Chuck Schummer is right. Once again George Bush is behaving like a Democrat.
At each critical turn in his administration, Bush has turned to his neocon advisors who argue for a bigger and badder government. Bush handled the fallout from the Dotcom bust by giving tax breaks with no decrease in spending (a neocon ideal). Bush turned against the Powell Doctrine and the Constitutional demand to declare war in the invasion of Iraq.
The No Child Left Behind Act has done more to undermine the long held Republican belief in Federalism than perhaps any education policy in history.
Bill Clinton, of course, played the game in the other direction. He surrendered ground on a large number of Democrat issues to maintain power.
Bush is definitely in line with the democratic strategy. The Democrat strategy is to set the ends against the middle.
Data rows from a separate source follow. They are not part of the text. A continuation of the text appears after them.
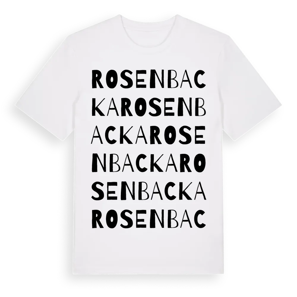 Rosenbacka ordlek t-shirt är inspirerad av Rosenbacka i Stockholms län, Sverige. Tröjan är designad för dig som har en speciell koppling till platsen – oavsett om du bor här, har rötterna här eller bara älskar Rosenbacka.
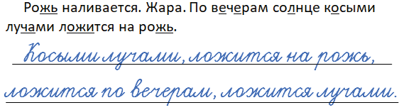 В предложении нам встретились следующие орфограммы: грамматический мягкий знак после шипящих (рожь), безударная гласная в корне (вечерам – вечер), проверяемая непроизносимая согласная в корне слова (солнце – солнечный), ча-ща (лучами), правописание слов с чередованием гласных букв в корне (ложится).
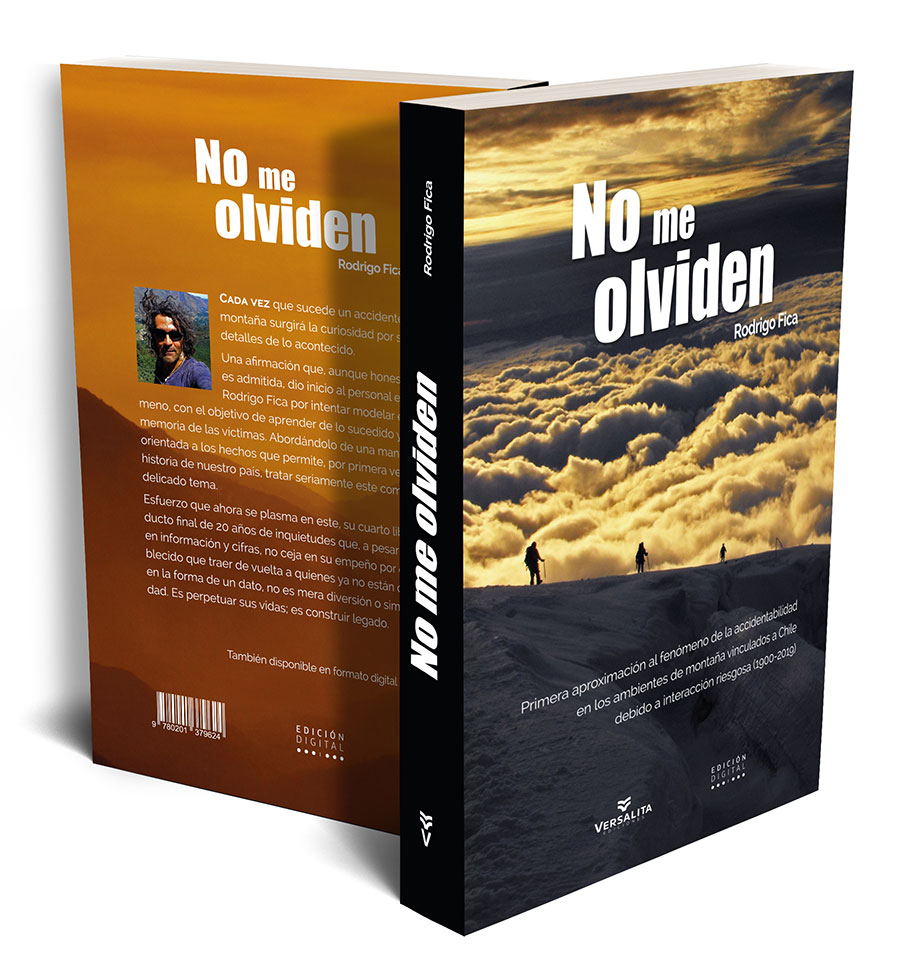 "No me olviden" es el cuarto libro de Rodrigo Fica. Publicado por Editorial Versalita, está organizado en cuatro partes (conceptos, datos, estadísticas y reflexiones), en él se aborda el fenómeno de la accidentabilidad en los ambientes de montaña de Chile entre los años 1900 y 2019, conteniendo en sus aproximadamente 480 páginas, 41 tablas, 42 gráficos, 10 esquemas y 438 fichas detallando todos los incidentes mortales sucedidos por la práctica de actividades como el montañismo, excursionismo, esquí, trail running, militares, turismo, desplazamiento, policiales y afines.
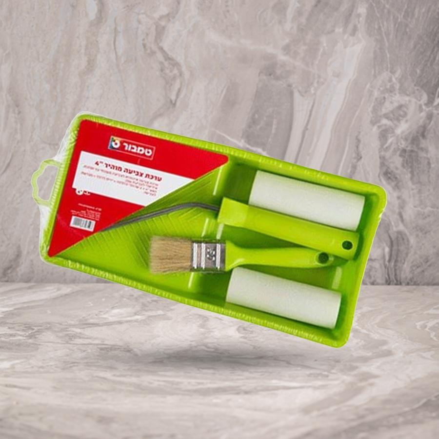 הסט כולל: מגש 4" + 2 שרוולי החלפה + ידית רולר + מברשת

By creating a special class of mortgage (finance links) holders with a low rate, government secured loans, Bush has just created a situation where the people with the inside connections to get the special loans will be able to force the working poor out of the housing market.
Keeping with the Democratic Theme of playing the ends off the middle, the primary beneficiary of this bailout is the class of extremely rich bankers who have substantially more to lose in the subprime lending bubble than the poor schmuck who could just walk away from a bad debt a little poorer, but wiser. The platitudes of power politics bubble about all the empowered elite do to help the poor. Oddly, the actions seem to do more to secure the positions of the empowered elite.
BTW, the secret to pulling people out of poverty isn't in giving people more loans, or securing loans, or in regulating interest rates on loans. The secret to pulling people out of poverty is to create a financial structure that helps people build wealth.
Schumer is completely right. This program that helps preserve the financial fortunes of a wealthy banking class by creating a special class of mortgages is very Democratic. It is so very Democratic.